Voluntários autoreportaram a frequência que eles consumiram alimentos contendo pimenta chili – nunca, ocasionalmente, frequentemente e muito frequentemente.

A alimentação de cada pessoa foi classificada em uma escala de zero a nove, baseada no quão bem elas aderiram à tradicional dieta do Mediterrâneo.

A dieta é abundante em vegetais, frutas e nozes, legumes e gorduras como azeite. Carne vermelha é raramente consumida e leite e ovos são limitados.

Os consumidores de chili tipicamente aderiram à dieta Mediterrânea, com frutas e vegetais comumente grelhados e adicionados a pratos de pasta ou peixe.

Em um resultado médio de oito anos, 1.236 pessoas morreram. Um terço das mortes foi em decorrência de câncer, enquanto a doença cardíaca causou a morte de um número similar.

O consumo regular de chili foi reportado por 24 por cento das pessoas. Um terço disse que nunca tinha consumido a pimenta.

As pessoas que consumiram chili quatro vezes por semana tinham 23 por cento menos probabilidade de morrer ao longo do curso do estudo.

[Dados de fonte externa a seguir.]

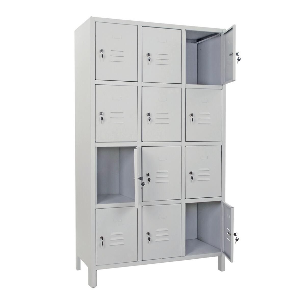 Monoblocco casellario 12 posti assemblato con appendiabiti, ripiano interno, maniglia lucchettabile, feritoie e porta cartellino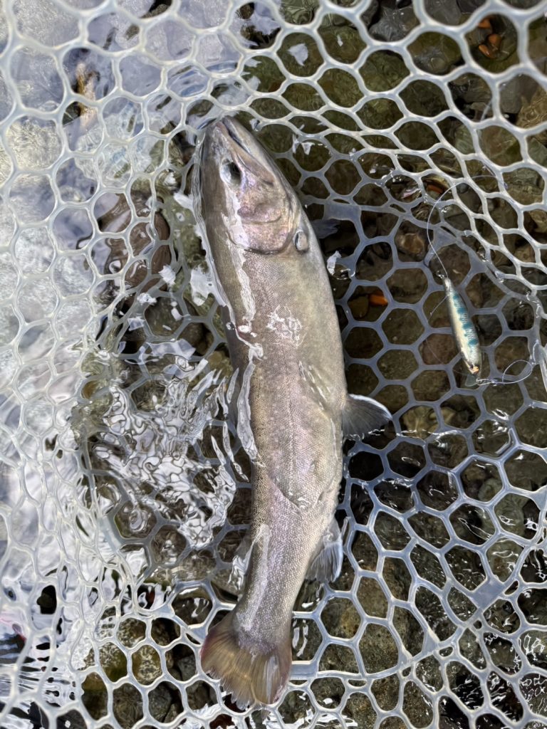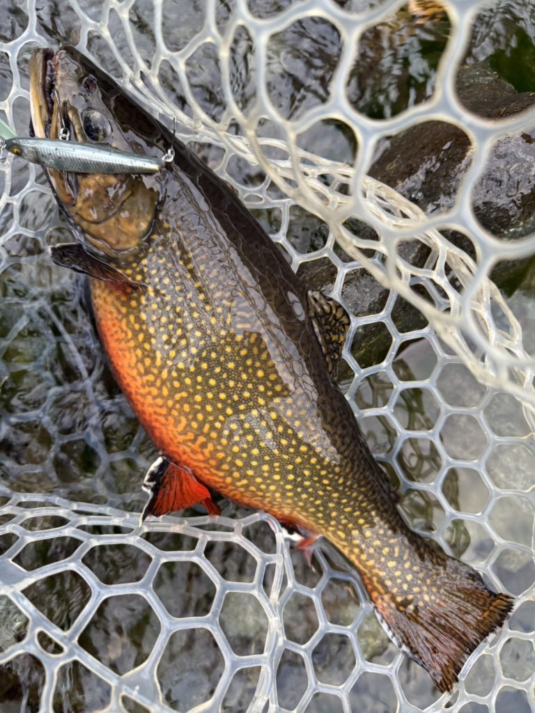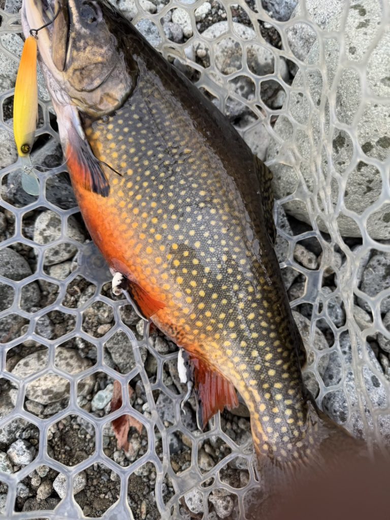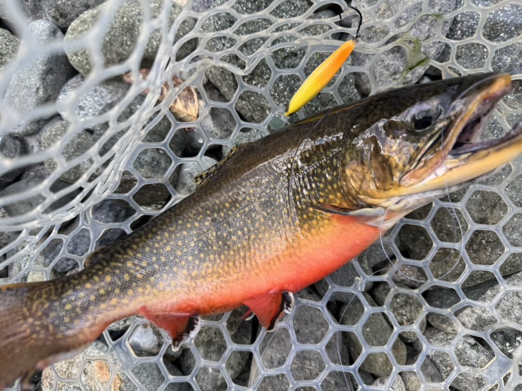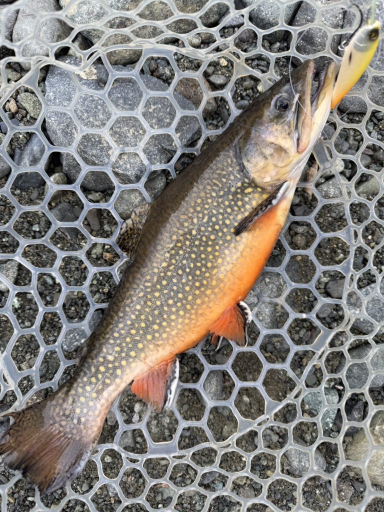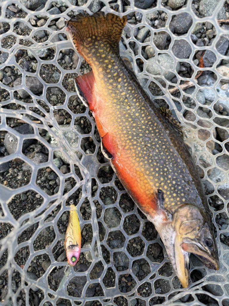 ブルックの反応が良く、陽炎シャッド65DRでよく釣れました。流れ込みの少し深くなっているところにルアーが届く、ボトムを突いてもルアーの動きが乱れないのが良いですね❗️

O risco de morte em decorrência de ataque cardíaco ou doença coronária foi 40 e 34 por cento menor para consumidores regulares de chili, respectivamente.

As taxas de morte por câncer foram somente 10 por cento menores no grupo que não consumia chili, o que significa que o resultado não foi significante.

As descobertas, que são meramente observacionais, foram publicadas no Journal of the American College of Cardiology.

“Um fato interessante é que a proteção do risco de mortalidade foi independente do tipo de dieta que as pessoas seguiram”.

“Em outras palavras, uma pessoa pode seguir a saudável dieta do Mediterrâneo, outra também pode comer de forma menos saudável, mas para todas elas a pimenta chili tem um efeito de proteção”, disse Marialaura Bonaccuio, primeira autora do estudo.

“A pimenta chili é um componente fundamental de nossa cultura gastronômica. Vemos as pimentas penduradas em balcões italianos e até representadas em joias”.

“Ao longo dos séculos, propriedades benéficas de todos os tipos foram associadas ao seu consumo, grande parte na base de anedotas ou tradições, se não mágica”.

“É importante agora que a pesquisa lide com isso de uma maneira mais séria, oferecendo rigor e evidência científica”, disse Licia lacoviello, coautor do estudo.

“Sabemos que as várias plantas da espécie capsicum podem exercer uma ação protetora em nossa saúde”, enfatizou ele.

A equipe disse que mais estudos são necessários para compreender como o consumo de chili pode afetar a saúde”.

Eles originalmente hipotetizaram que consumidores de chili seriam mais magros, dado o fato de que comida apimentada pode auxiliar na perda de peso.

Mas isso foi descartado porque os consumidores de chili no estudo tinham mais probabilidade de serem obesos, terem diabetes e colesterol alto.

O que é sabido é que o capscium, um ingrediente ativo na chili, contém uma grande variedade de fitoquímicos com propriedades antioxidantes bem conhecidas.

Aqueles que consumiram chili também tinha mais probabilidade de comer alho, salsa e pimenta preta, mostraram os resultados.